Initially known as the Communist Party of Siam, the party was founded officially on 1 December 1942, although communist activism in the country began as early as 1927. In the 1960s, the CPT grew in membership and support and by the early 1970s was the second largest communist movement in mainland Southeast Asia (after Vietnam). The party launched a guerrilla war against the Thai government in 1965. Even though the CPT suffered internal divisions, at its political peak the party effectively acted as a state within the state. Its rural support is estimated to have been at least four million people; its military arm consisted of 10–14,000 armed fighters. Its influence was concentrated in the northeastern, northern and southern Thailand. Following a series of internal party disputes, changes in international communist alliances, successful counter-insurgency policies of Thailand's government including a widely accepted offer of amnesty for party cadres, and the Cold War coming to its conclusion, the party disappeared from the political scene in the early-1990s.

1920s–1930s
The origins of the communist movement in Thailand begin with the founding of the Siam Special Committee of the South Seas Communist Party between 1926 and 1927. An infusion of leftists fleeing China for Thailand in the late 1920s following the Nationalist-Communist split of 1927 also increased support for activities. Accounts vary, but sometime between late 1929 and early 1930 the Communist Party of Siam was inaugurated.

1940s–1950s: Party creation
During its initial phase of existence, the Communist Party of Siam remained a small party. It mainly comprised intellectuals in Bangkok. By early-1948, British intelligence sources deemed reports that the party had 3,000 members nationwide as "exaggerated". The party enjoyed a brief period of legality from 1946 to 1948. The secret party headquarters were in a wooden building on Si Phraya Road, Bangkok.

A CPT delegation attended the second national congress of the Communist Party of Vietnam (CPV) in Tuyen Quang in February 1951.

The CPT held its second party congress in 1952.

1960s: The People's War

In 1960, the party attended the International Meeting of Communist and Workers Parties held in Moscow.

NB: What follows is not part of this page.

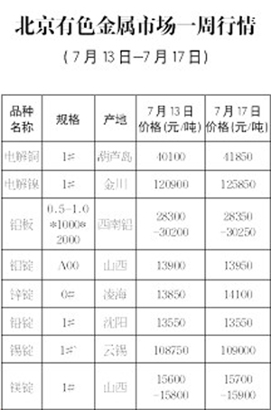 北京有色金屬市場一周行情[7月13日-7月17日]

The CPT held its third party congress in September 1961. In the Sino-Soviet split, the CPT sided with the Communist Party of China. In October 1964, its position was made clear in a congratulatory message on the occasion of the 15th anniversary of the People's Republic of China. Ideologically, the party aligned with Maoism. In 1961, it formulated a policy of armed struggle along the lines of the Chinese experience, which was made public in 1964. The party condemned the Communist Party of the Soviet Union as revisionist and socially imperialist. As of 1966, relations with the Communist Party of Vietnam began to deteriorate, as the CPT criticized the CPV for failing to take a clear pro-China stance.

The Voice of the People of Thailand (VOPT), a CPT radio station, was established in Yunnan, southern China in March 1962.

The party launched the Thai Patriotic Front (TPF) on 1 January 1965. The TPF had a six-point programme for peace and neutrality. The Front called for the formation of a patriotic and democratic government, and opposed the Thai government and US troop presence in Thailand. The TPF was poised to fill the role of the united front in the triangular setting of the people's war strategy (party-army-front).

Low intensity armed struggle began in August 1965 when the party declared through VOPT that "an era of armed struggle had begun". Concomitantly, the party began armed actions in the Na Kae District of Nakhon Phanom Province. At the time it was estimated that the party had around 1,200 armed fighters under its command.

Opposition to US military presence in Thailand was a key element of the CPT during the Vietnam War. The CPT alleged that Thailand was a neocolonial country under US control. Emphasis was thus given to the struggle for national independence. As of 1968, the theory of neocolonialism was rejected by large sections of the party, who were inspired by Maoist positions arguing that Thailand was a semi-colonial country.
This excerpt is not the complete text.